Sans doute une intense jubilation à jouer
les démiurges, le conduit-il, sur la toile où éclatent alors à travers son travail complexe, son grand talent, sa verve chromatique, son lyrisme pictural et l’éblouissante technique qu’il a
développée, à créer sa peinture la fois si tactile et si visuelle !
Ce qui frappe de prime abord dans
cette création, c’est une grande explosion de couleurs paradoxalement douces, les complémentarités et les oppositions des nuances de violines qui sont à la base de chaque œuvre et qui
s’enchevêtrent, pour faire vibrer les blancs/gris ; quelques bleus pâles qui s’interposent ; le tout s’organisant sans lignes de démarcation, et l'on peut imaginer l'artiste, le nez collé sur sa
toile ou son papier, passant et repassant à petits gestes répétitifs de la main, linéarisant si parfaitement les courbes ténues qui forment la croupe du cheval ; ajoutant tiret après tiret
jusqu'à parvenir à la tête surallongée du "Vague souvenir de l'humanité" ou ceux légèrement ondulés de la "Grande figure", etc. Agglutinés les uns aux autres, ces éléments deviennent des couches
aléatoires qui vont engendrer les reliefs, les brillances et les vibrations évoquées, les accidents, les repères... Peu à peu, cette progression génère un panachage composé de bien complexes
alchimies. Finalement, cette main a foui ces non-formes pour y composer à longs traits des silhouettes allusives.
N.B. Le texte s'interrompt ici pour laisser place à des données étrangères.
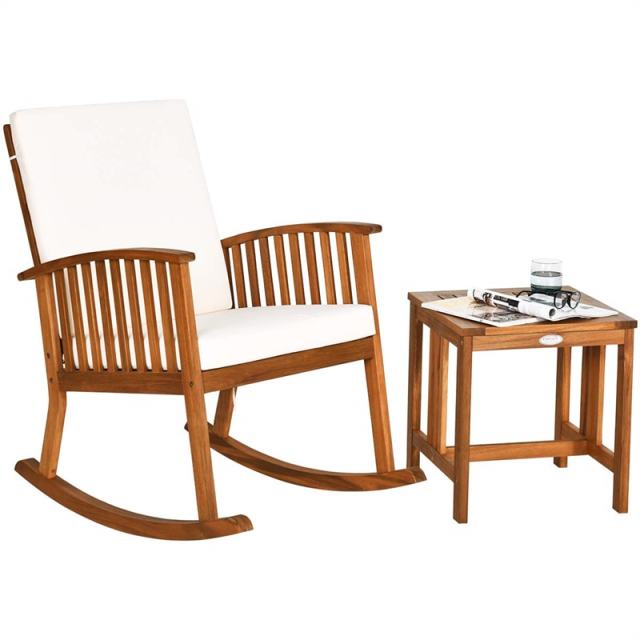 Create a relaxing outdoor seating zone you've always dreamed of with our 3-piece rocking bistro set! Including 2 rocking chairs, 2 seat cushions, and 1 storage coffee table, this patio rocking conversation set will be a perfect addition to your indoor or outdoor settings. The outdoor rocking chair with soft cushions rocks back and forth smoothly, easily taking your whole day’s tiredness away. And, the coffee table comes with an extra storage shelf to keep items at hand. Made of sturdy metal frame, durable rattan PE rattan, and natural acacia wood, the outdoor furniture set will ensure a longer service life. You can place this rocking bistro set on your porch, poolside, or balcony to enjoy the morning coffee and pleasant chat with your friend or family!
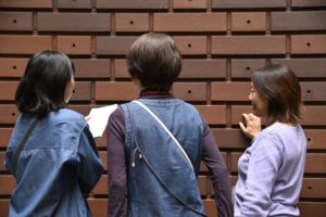 東京都美術館の打ち込みタイルや野外彫刻など様々な「みどころポイント」をどのように説明するかグループごとに相談して決めていきます。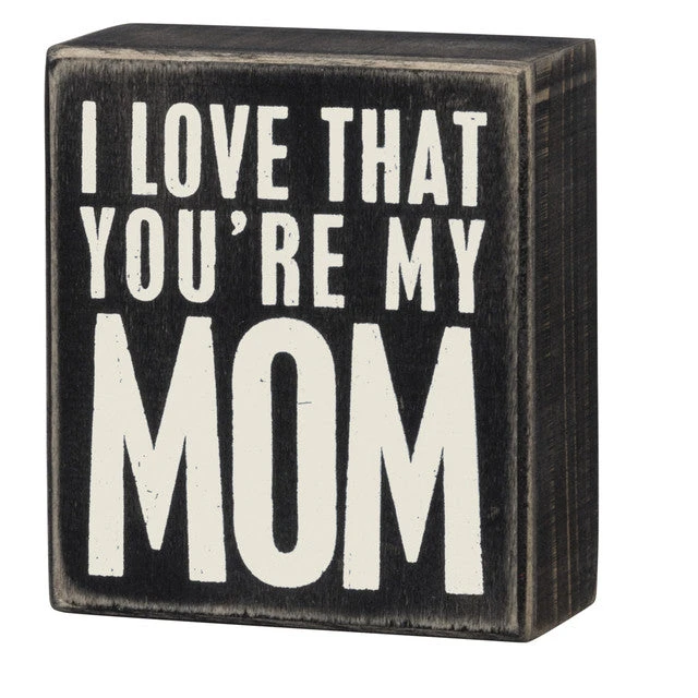 A classic black and white wooden box sign featuring a distressed “I Love That You’re My Mom” sentiment. Easy to hang or can free-stand alone.

A un moment, s’arrête l’imaginaire, et
commence la circumnavigation raisonnée. Car ce qui frappe, dans le travail de l’artiste, c’est la rigueur architecturale de l’exécution, la précision entomologique des enchevêtrements de cercles,
courbes et contrecourbes, idéalement réglés comme des chorégraphies. Les couleurs douces déjà évoquées se fondant les unes dans les autres, unifient encore ces géographies fantaisistes.
S’harmonisent sur le support.
Dans ces mélanges, amalgames, entrelacs,
jaillissements créatifs particulièrement aboutis et homogènes, ce travail répétitif mais très codifié, alliant déclinaison de formes et de signes colorés, Thierry Fabre enfouit-il ou au contraire
développe-t-il ses fantasmes les plus intimes ? De ses créations multiples et toujours la même reconnaissable entre mille, à ses présences jetées comme des escales, choisit-il son "dit" au gré
d'évolutions, de rythmes qui lui conviennent, d'enchaînements profus qui le font rêver ?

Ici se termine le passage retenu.